Question

Number of natural numbers less than 7000 using,0,1,3,7,9 (repetition allowed) is
A. 375
B. 275
C. 274
D. 374

Answer 1

Hint: When we have to calculate a natural number, we count from 1 as 0 is not a natural number. Also, we can use the following concept
 No. of ways to fill r places when repetition is allowed,
$\begin{align}
  & =n\times n\times n............r \\
 & ={{n}^{r}} \\
\end{align}$
First place can be filled in n ways, second, third, fourth … place can be filled in n ways as repetition is allowed.
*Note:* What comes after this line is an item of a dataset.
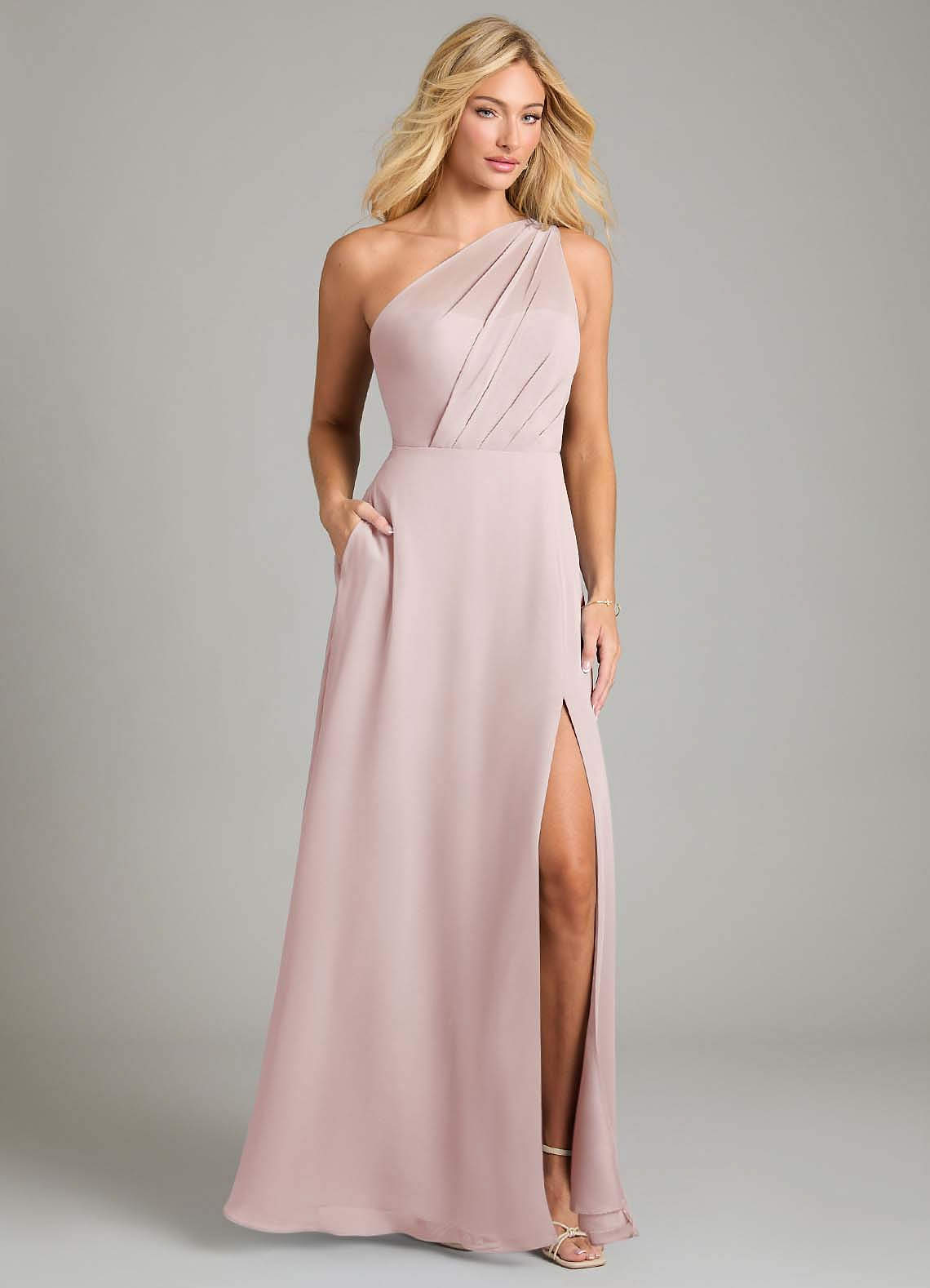 Blushing Pink A-Line One Shoulder Chiffon Dress

Complete step-by-step answer:
We have to find the total no. of numbers that can be formed by using 0,1,3,7,9 and number is less than7000, so we have to consider the following case.
Case 1: One-digit number
i.e. filling of one place out of 0,1,3,7,9
This can be done by four ways as 0 is not a natural number
Case 2: Two-digits number
Tens place can be filled by 1,3,7,9 as 0 cannot be filled at tens place
i.e. by 4 ways and unit place can be filled by 0,1,3,7,9 i.e. 5 ways
so total number of ways to fill two places=$(4)(5)=20$
Case 3: Three-digit number
Hundred places can be filled by 1,3,7,9 i.e. 4 way as 0 cannot be filled at hundredth place, tenth and unit place can be filled by any of the digits 0,1,3,7, i.e.5 ways
So, Total number of three-digit number that can be formed by given digits$\Rightarrow (4)(5)(5)=100$
Case 4: Four-digit number
Thousand places can be filled by 1,3
i.e. by 2 ways as numbers is less than 7000 and 1000^th place cannot have 0 also 100th, 10^th and unit place can be filled by 0,1,3,7,9 i.e. 5 ways
so total number of ways to fill all the four places =$(2)(5)(5)(5)=250$
so total number of numbers that can be formed
$\begin{align}
  & =4+20+100+250 \\
 & =374 \\
\end{align}$
Hence option D is correct.

Note: This can be solved as 1000^th place filled by 3 ways, 100^th, 10^th and unit place by 5 ways each as repetition allowed. So, multiplication rule of country
$=3\times 5\times 5\times 5=375$
As 0 in not a natural number
So total number of natural numbers
$\begin{align}
  & =375-1 \\
 & =374 \\
\end{align}$
Also, it should be noted that If one operation can be performed in m ways, and (where it has been performed in any one of these ways) a second operation can then be performed in n ways; the number of ways of performing the two operations will be mn. If the two operations are mutually exclusive, that is, they are independent of each other then the number of ways of performing the two operations will be m+n.